During a conference in Copenhagen, the former Vaineur du Tour de France 1996 engaged in his years of doping in the bicycle. In all transparency.
The name of Bjarne Riis is still on the record of the Tour de France while that of Lance Armstrong was definitively erased from the tablets. The two men nevertheless admitted to having doped but the Danish escaped the final erasure despite confessions in 2007. His confessions had also pushed the big loop to take his title at first but a few months later, he had resumed his place among the winners, the facts being prescribed, had judged the UCI.
“Doped to the neck”
Present on the occasion of a sports forum in Copenhagen, Riis returned to these dark years of the bicycle and its coronation on the 1996 Tour de France to take over from Miguel Indurain. “I was doped to the neck when I won the Tour”explained the man who had acquired the nickname of «Mr. 60%» In the peloton, in reference to its high hematocrit level thanks to the recourse of the EPO.
Pass advertising
“We all accepted in silence”
“I was completely doped. I knew what I was doing. I do not regret it, because it was part of this era and a system that we all accepted in silence ”added the Scandinavian whose words are relayed by the Sport.es site.
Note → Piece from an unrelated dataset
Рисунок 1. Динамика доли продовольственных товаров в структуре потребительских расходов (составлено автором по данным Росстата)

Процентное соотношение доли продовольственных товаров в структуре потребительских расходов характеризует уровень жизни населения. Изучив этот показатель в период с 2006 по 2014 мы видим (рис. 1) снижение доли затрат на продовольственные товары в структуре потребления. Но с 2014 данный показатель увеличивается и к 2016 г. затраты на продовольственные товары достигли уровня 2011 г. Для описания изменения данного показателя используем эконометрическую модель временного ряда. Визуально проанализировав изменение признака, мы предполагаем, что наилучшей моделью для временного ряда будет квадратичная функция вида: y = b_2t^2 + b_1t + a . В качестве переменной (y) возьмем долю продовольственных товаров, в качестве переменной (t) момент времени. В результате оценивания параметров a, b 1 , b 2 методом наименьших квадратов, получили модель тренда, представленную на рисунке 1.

The Danish, who still holds in front of Tadej Pogacar the record of the climb in Hautacam, ascent during which he had knocked out Miguel Indurain and the Tour de France, remained in cycling long years after having put his bike in 1999. Patron of the CSC team, Saxo-Bank, Saxo-Trinkoff, Tinkoff-Saxo then Ntt Pro Cycling until 2020, the 61 -year -old man, winner of four stages on the Tour de France, had been questioned in his functions as managers in a report by the Danish Antidopage Agency in 2015.
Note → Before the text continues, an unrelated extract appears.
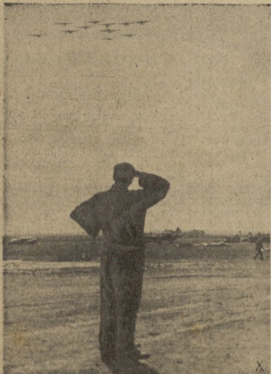
En unidades cerradas, estos aviones alemanes que regresan de un vuelo contra el enemigo, hacen su último viraje sobre la base.
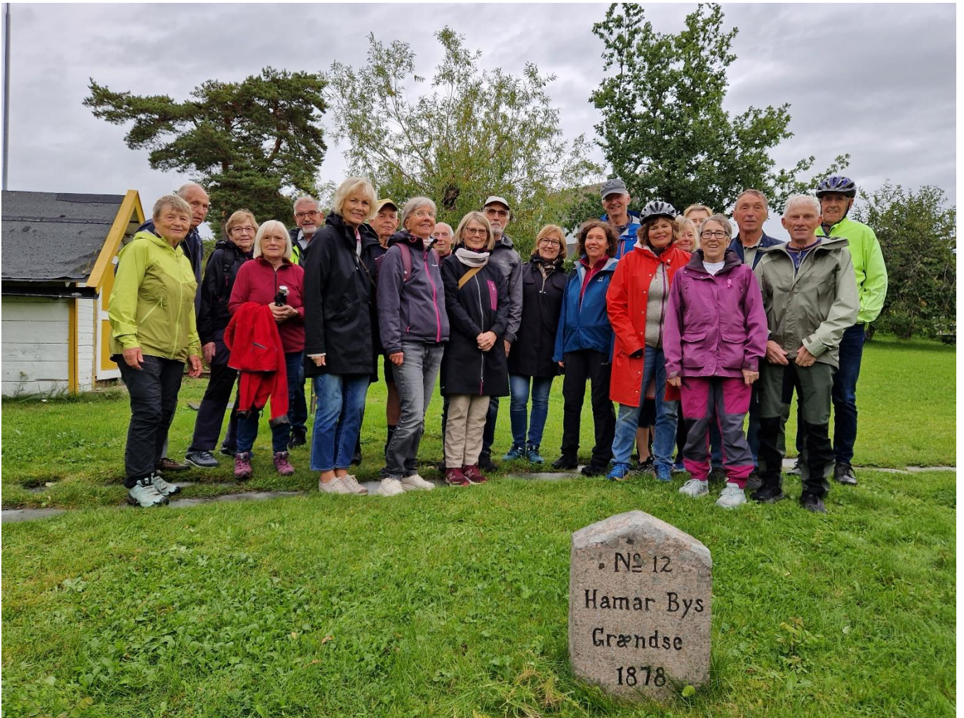
Fornøyde vandrere ved grensesten nr. 12 mellom Hamar og Vang.

Also implicated during his career as a leader
The document accused him in particular of having encouraged Tyler Hamilton of contacting the Spanish doctor Eufemiano Fuentes, involved in the scandal of the Puerto affair which had updated the existence of a blood doping network in cycling and football. The American runner had confirmed this information in his book The Secret Raceindicating that his manager had greatly encouraged runners to use prohibited products.